Subnet exhaustion blocking new EC2/EKS node launches Why: AWS reserves 5 addresses per subnet; a /24 gives only 251 usable addresses, and EKS with the AWS VPC CNI assigns one IP per pod — a 30-node cluster with 30 pods per node needs 900+ addresses in a single subnet. Detect: EKS node group scaling fails with InsufficientFreeAddressesInSubnet error in the EC2 console; new pods stay in Pending with the event 0/0 nodes available: 0 Insufficient pods. Fix: Use /23 or larger subnets for EKS node pools, or enable the VPC CNI prefix delegation mode to assign /28 prefixes per ENI instead of individual IPs; plan CIDRs at VPC creation time since re-CIDRing requires downtime.

Security group rule referencing a deleted SG ID causes all traffic to drop Why: A security group inbound rule references another SG by ID (e.g., sg-app-servers); if that referenced SG is deleted, the rule becomes invalid and AWS implicitly drops matching traffic. Detect: Application traffic drops suddenly with no recent infrastructure changes; aws ec2 describe-security-groups shows a rule with a stale SG ID that no longer exists. Fix: Audit security group rules regularly with aws ec2 describe-security-groups and alert on rules referencing non-existent SG IDs; recreate or update the rule to reference the correct SG.

NAT Gateway charges unexpectedly high due to missing VPC endpoints for S3/DynamoDB Why: Traffic to S3 or DynamoDB from private subnets traverses the NAT Gateway, incurring $0.045/GB processing charges; a busy service moving terabytes per day generates thousands in unplanned costs. Detect: NAT Gateway BytesOutToDestination metric is high; Cost Explorer shows NAT Gateway as a top-5 cost item. Fix: Create Gateway VPC Endpoints for S3 and DynamoDB (free), add them to the private subnet route tables; traffic to these services bypasses the NAT Gateway entirely.

VPC peering not transitive causes inter-service connectivity gaps Why: Teams assume VPC A can reach VPC C via VPC B (A-B peered, B-C peered) but peering is not transitive, so A-C traffic is dropped. Detect: traceroute or nc from a host in VPC A to VPC C times out; VPC Flow Logs show REJECT for the cross-VPC traffic. Fix: Establish a direct peering between VPC A and VPC C, or migrate to Transit Gateway which provides transitive routing across all attached VPCs.

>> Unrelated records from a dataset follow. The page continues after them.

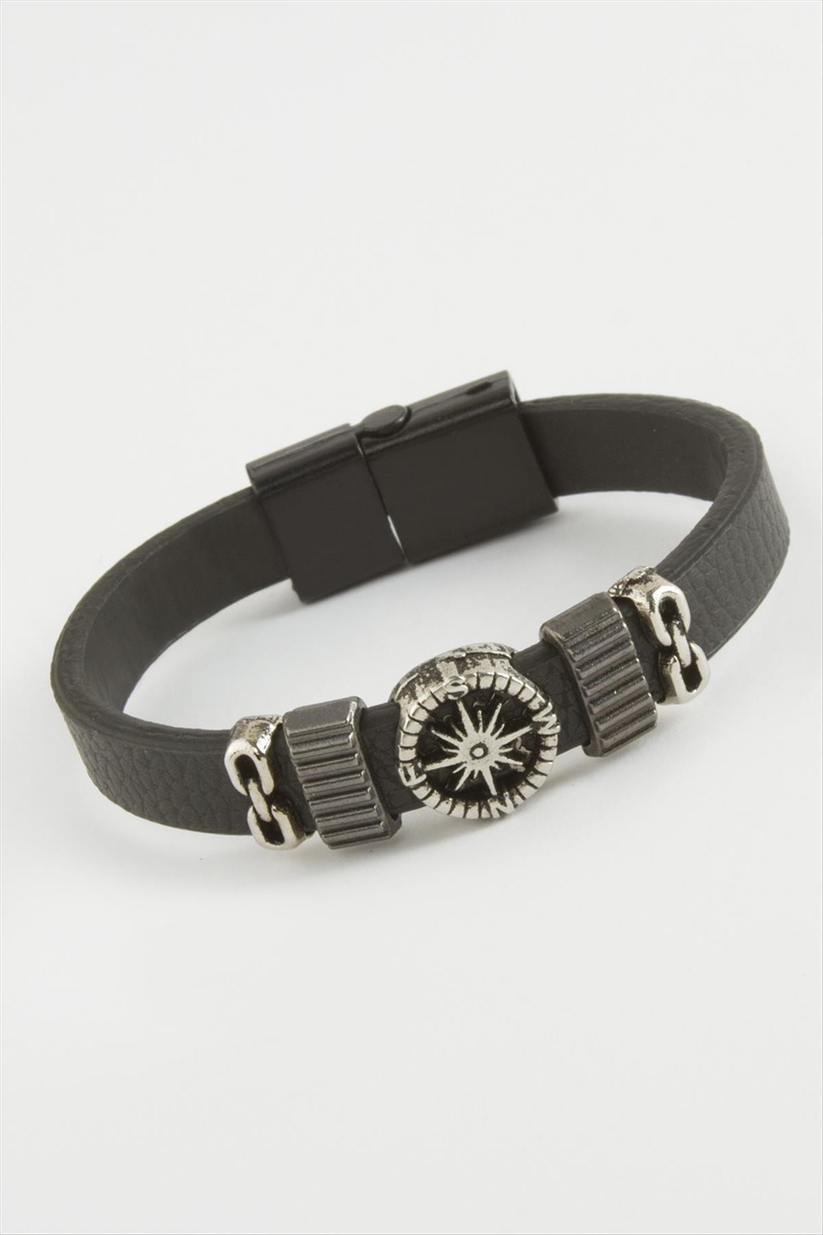 Yıldız Kaliteli Mıknatıslı Suni Deri Bileklik-Siyah
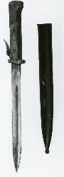 Bagnet polski wz. 1924 do karabinu Mauser wz. 98. Kompletny z pochwą. Rękojeść stalowa z drewnianymi okładzinami, mocowanymi na dwie śruby. Zatrzask w głowicy niesprawny. Jelec stalowy, krótki. Głownia stalowa, długości 24,8cm, z pojedynczym, szerokim zbroczem. Na płazach p...więcej Bagnet polski wz. 1924 do karabinu Mauser wz. 98. Kompletny z pochwą. Rękojeść stalowa z drewnianymi okładzinami, mocowanymi na dwie śruby. Zatrzask w głowicy niesprawny. Jelec stalowy, krótki. Głownia stalowa, długości 24,8cm, z pojedynczym, szerokim zbroczem. Na płazach poniżej jelca sygnatury: orzeł polski i litery W.P. na jednym, PERKUN S 197555 na drugim płazie. Pochwa z blachy stalowej o długości 37cm, zakończona kulką. U wylotu pochwy znajduje się zaczep do żabki. Pochwa malowana na czarno. |
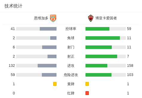第39分钟,恩维加多球员Jhon Gamboa打入一球。

Route 53 failover not triggering because health check is checking the wrong endpoint Why: The health check is configured against the load balancer's IP rather than a meaningful application path, or the path returns 200 even when the backend is degraded (e.g., returns a static HTML page after the app crashes). Detect: Region-level outage occurs but Route 53 does not fail over; the health check status in the Route 53 console shows green. Fix: Point the health check at a deep health endpoint (/health/ready) that validates all critical dependencies (DB, cache); ensure the endpoint returns 5xx when any dependency is unhealthy.

Connections

• cloud/aws-core — VPC, Security Groups, ALB, NLB, Route 53, NAT Gateway
• cloud/gcp-core — GCP VPC (global), Cloud Load Balancing, Cloud DNS
• cloud/azure-core — Azure VNet, NSG, Application Gateway, Azure Front Door
• cloud/kubernetes — container networking, CNI, ingress controllers, network policies
• cloud/terraform — terraform-aws-vpc module for automated VPC provisioning

Open Questions

• What monitoring and alerting matter most when this is deployed in production?
• At what scale or workload does this approach hit its practical limits?